As far as the client application is concerned a simple framework import is needed. The API is also extremely simple since it only consists of an NSOperation subclass which has a well-known and simple, yet extremely powerful, API. The operation implementation takes care of setting up an XPC connection with the XPC service. The service itself runs the actual internal operation. As far as the client is concerned however, the whole architecture is abstracted away it just feels as if the operation were running in process. In order to make full use of the asynchronous behavior of the XPC setup we want our in-process operation to be concurrent. It will simply message the service through the XPC connection on start and wait for the message’s response handler to finish.

Fitting in the Sandbox

Now, when designing a framework, one needs to plan for every use case. In particular, one needs to take into account the environment the host application will be running in. We want our framework to work nicely in the most restrictive environment while still supporting looser ones. Translating this into modern security tools for Cocoa application this means that our framework will need to play nicely with a sandboxed application, assuming no particular entitlements have been specified.

The XPC service will thus have to be sandboxed (and can specify its own entitlements even though one can argue that it shouldn’t require more than what the host application does, which could well be none). The client-side part of the framework will be running in the host application’s process and will thus inherit its sandbox restrictions.

Keeping this in mind, we should design our framework to work with a sandboxed application with no entitlements.

Luckily, the framework will only need two URLs, one of the executable and one of the directory in which the headers will be written into, and won’t require any network connectivity or fancier capabilities that would require a special entitlement. We can safely assume that the URLs have been acquired by the application in a sandbox-safe manner and we have write access to the export directory.

Sharing URL between sandboxed applications

With this in mind, our problem is only reduced to providing the XPC service with valid URL that it can resolve. NSURL has a very nice feature to send URL containing security information between processes called bookmark data. By making sure that the client-side part of the framework create bookmark data before messaging the XPC service we can be sure that the service will be able to resolve this bookmark to a valid URL it will have right to read and/or write.
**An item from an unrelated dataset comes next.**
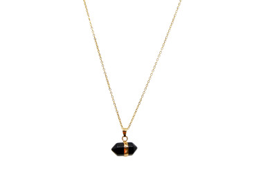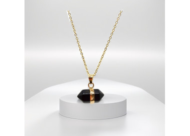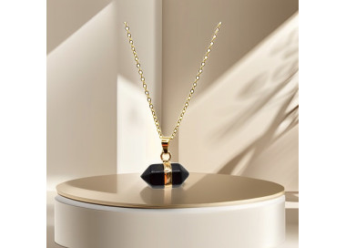 El collar destaca por su forma Hexagonal, es una joya elegante, original y divertida. Diseñada con piedras naturales de Obsidiana. Está ensamblado a mano. Incluye cadena de Acero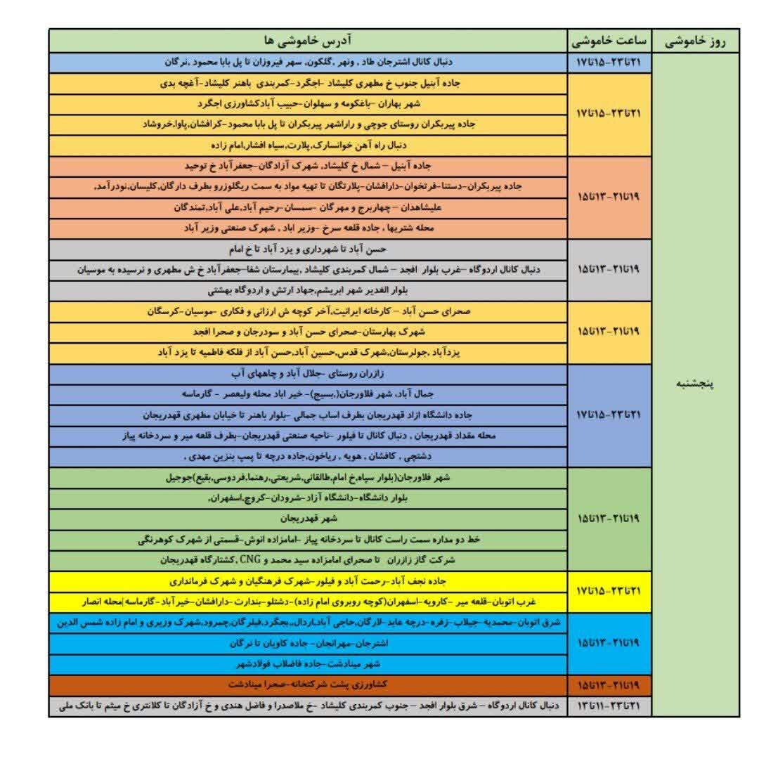 جدول قطعی برق فلاورجان پنجشنبه ۲۰ شهریور ۱۴۰۴

By slightly extending class-dump and running it in process as an operation we were able to provide a nicer error API. In order to provide fault tolerance we moved the execution of class-dump to an XPC service. Finally, we abstract this service away in a Cocoa framework vending a simple NSOperation. Both the service and the framework play nicely in a sandboxed environment.

You can check out the fork on GitHub. I have also created a simple OS X sample application that demonstrates how to integrate the framework. The project is also on GitHub.